Create and Use Custom Language Data

Create and use your own language-specific conditions (such as common abbreviations) when chunking data.

Here, you use the chunker helper function CREATE_LANG_DATA from the DBMS_VECTOR_CHAIN package to load the data file for Simplified Chinese. This data file contains abbreviation tokens for your chosen language.
  1. Connect as a local user and prepare your data dump directory.
    1. Log in to SQL*Plus as the SYS user, connecting as SYSDBA:
      conn sys/password as sysdba
      CREATE TABLESPACE tbs1
      DATAFILE 'tbs5.dbf' SIZE 20G AUTOEXTEND ON
      EXTENT MANAGEMENT LOCAL
      SEGMENT SPACE MANAGEMENT AUTO;
      SET ECHO ON
      SET FEEDBACK 1
      SET NUMWIDTH 10
      SET LINESIZE 80
      SET TRIMSPOOL ON
      SET TAB OFF
      SET PAGESIZE 10000
      SET LONG 10000
    2. Create a local user (docuser) and grant necessary privileges:
      drop user docuser cascade;
      create user docuser identified by docuser DEFAULT TABLESPACE tbs1 quota unlimited on tbs1;
      grant DB_DEVELOPER_ROLE to docuser;
    3. Create a local directory (VEC_DUMP) to store your language data file. Grant necessary privileges:
      create or replace directory VEC_DUMP as '/my_local_dir/';
      grant read, write on directory VEC_DUMP to docuser;
      
      commit;
    4. Transfer the data file for your required language to the VEC_DUMP directory. For example, dreoszhs.txt for Simplified Chinese.

      To know the data file location for your language, see Supported Languages and Data File Locations.

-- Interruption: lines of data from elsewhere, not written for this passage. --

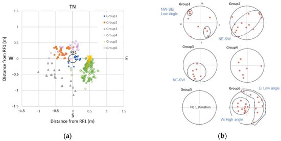 (a) Grouping of acoustic emission events; (b) distribution of P-axis for each group.
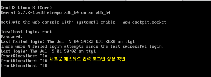 이후 자동으로 부팅이 되며 로그인 화면이 나오므로 새로운 패스워드 입력 후 정상 로그인 확인하면 됩니다.
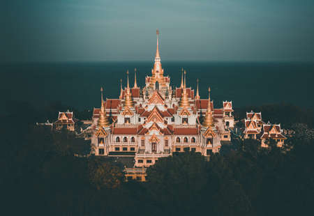 Aerial view Landscape sunset of Wat Sothon Wararam Worawihan, Religious tourist attraction and famous temple in Cha Choeng Sao Province Thailand.
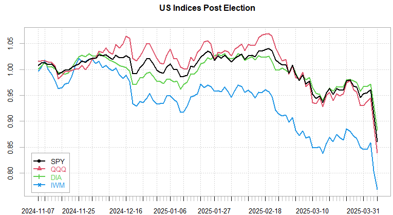 Corr=1 across the board as everything sold. Small caps worst off, now back to 2020 levels.
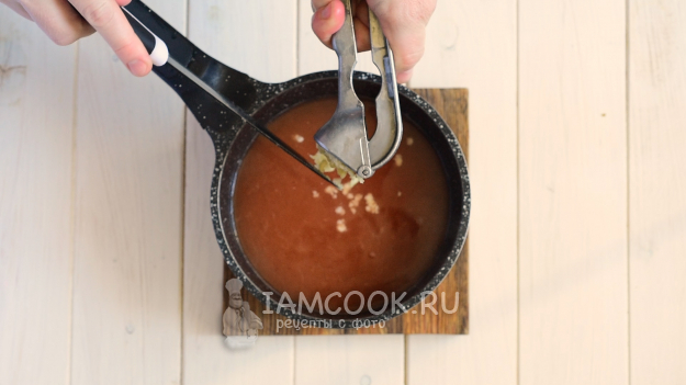 Через пресс выдавим чеснок и все еще раз перемешаем.
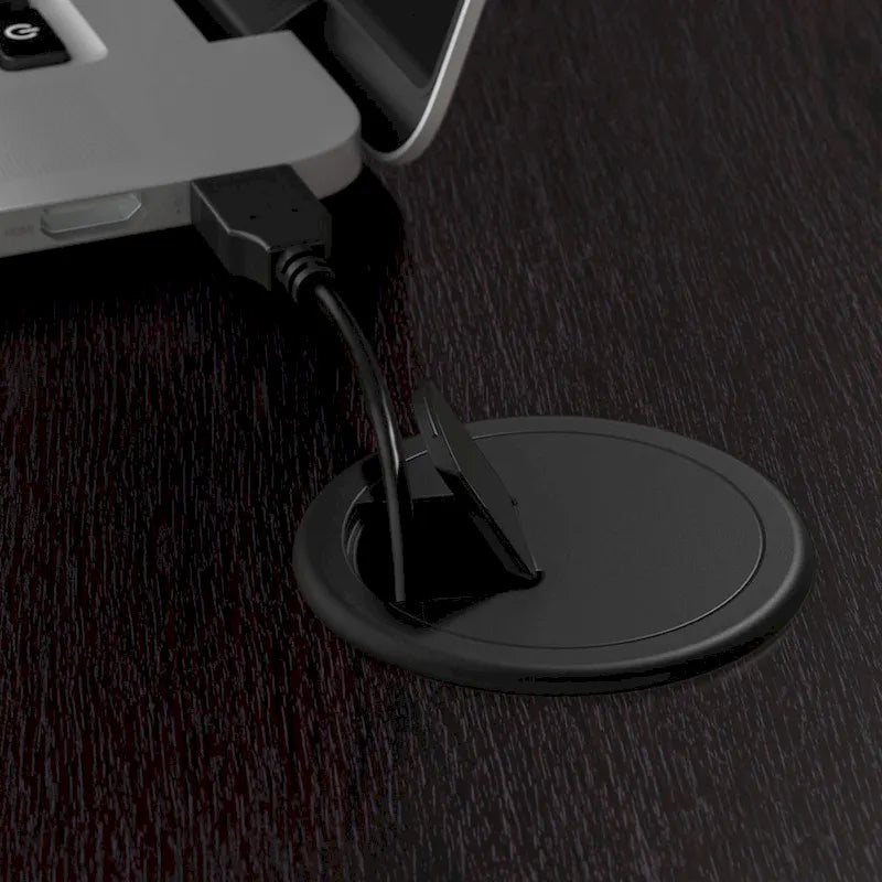 - L Shaped Desk's surface features built-in wire management grommets to keep cords and cables out of the way
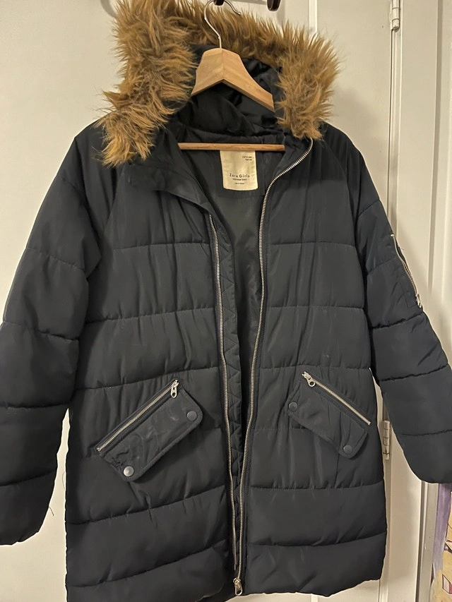 Keep your little one cozy with this used Zara Girls black winter coat, size 13/14 (164 cm). This stylish and warm coat is perfect for chilly days. It's in great condition and ready for a new home! Key features: - Brand: Zara Girls - Size: 13/14 (164 cm) - Colour: Black - Style: Winter Coat. I've priced it competitively at $30. Just a heads-up, if you're seeing this ad, the coat is still up for grabs! It's waiting for a new owner to embark on exciting winter adventures.
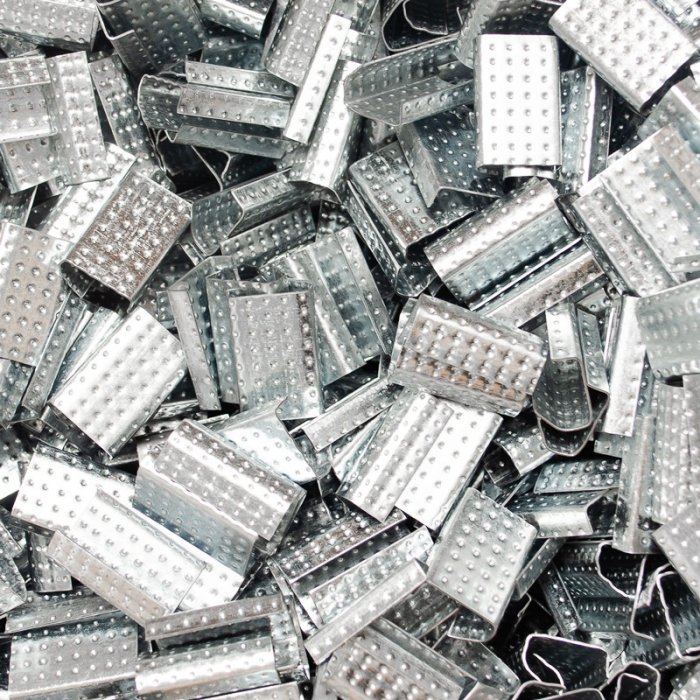 Capsele Metalice Pentru Banda PP sunt realizate din tabla zincata (asigura protectia la coroziune) si sunt folosite pentru legarea benzii paletizare PP prin sertizare. Suprafata capselor metalice este embosata pentru a realiza o strangere puternica.
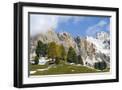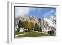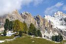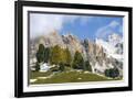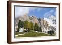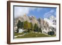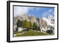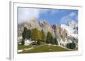 Geisler mountain range in the dolomites of the Groden Valley or Val Gardena in South Tyrol
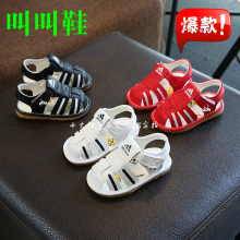 夏季新款男女宝宝鞋子小童叫叫鞋0-1-2岁婴幼儿软底包头凉鞋防滑
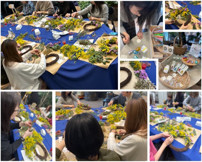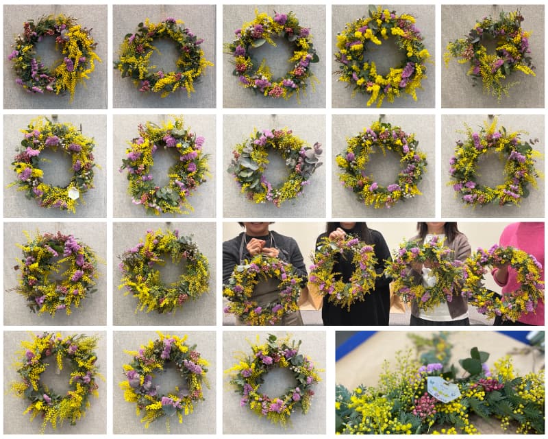 会場は、リースづくりで使用するミモザやスターチスが運び込まれ、目にも鮮やか!ここだけが一足早く春真っ盛りの様相で、ミモザのほかユーカリが優しく香っていました。
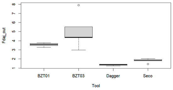 Following the previous analysis, it was important to understand which tool would be more adequate for the drilling operation. If one builds the boxplots of the exit-adjusted delamination factor for each tool, one obtains the representations in Figure 6.
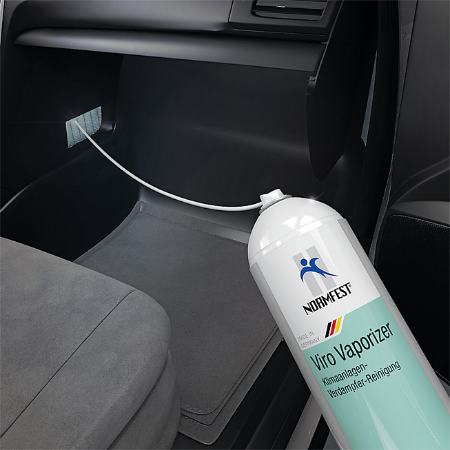 Viro Vaporizer Normfest est utilisé directement à l'évaporateur pour protéger efficacement contre les bactéries et les mauvaises odeurs dans l'habitacle du véhicule. Avec le temps, une couche superficielle de saleté s'accumule sur les ailettes de refroidissement de l'évaporateur, qui sert de terrain de reproduction optimal pour les micro-organismes tels que les bactéries et les moisissures. La combinaison d'ingrédients actifs dans le nettoyeur de climatisation élimine ce biofilm à forte odeur d'une part, et d'autre part, il tue efficacement les micro-organismes restants.
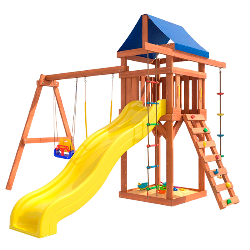 - Площадка изготавливается из лесоматериалов лиственных и хвойных пород. Материал имеет естественную древесную текстуру, обработан специальными составами для большего срока использования и предохранения от разрушения древесины. Все элементы проходят предварительную шлифовку, а края изделия закруглены. Небольшое количество металлических элементов значительно исключает возможность получения ребенком травм.
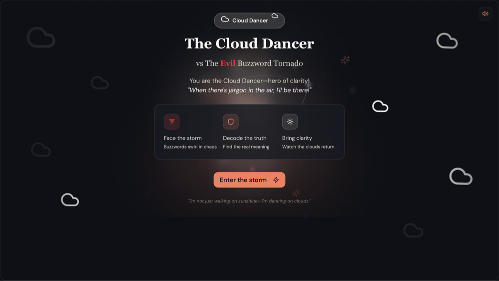 I really like your little animations for the clouds, and the audio is a great add. Great look and feel, and the interaction is engaging. Knocked it out of the park.

    5. Connect as the local user (docuser):
      conn docuser/password
  2. Create a relational table (doc_langtab) to store your abbreviation tokens in it:
    CREATE TABLE doc_langtab(token nvarchar2(64))
      ORGANIZATION EXTERNAL
      (default directory VEC_DUMP
       ACCESS PARAMETERS (RECORDS DELIMITED BY NEWLINE CHARACTERSET AL32UTF8)
       location ('dreoszhs.txt'));
  3. Create language data (doc_lang_data) by calling DBMS_VECTOR_CHAIN.CREATE_LANG_DATA:
    DECLARE
      lang_params clob := '{
                             "table_name"      : "doc_langtab",
                             "column_name"     : "token",
                             "language"        : "simplified chinese",
                             "preference_name" : "doc_lang_data"
                           }';
    BEGIN
      dbms_vector_chain.create_lang_data(json(lang_params));
    END;
    /
After loading the language data, you can now use language-specific chunking by specifying the LANGUAGE chunking parameter with VECTOR_CHUNKS or UTL_TO_CHUNKS.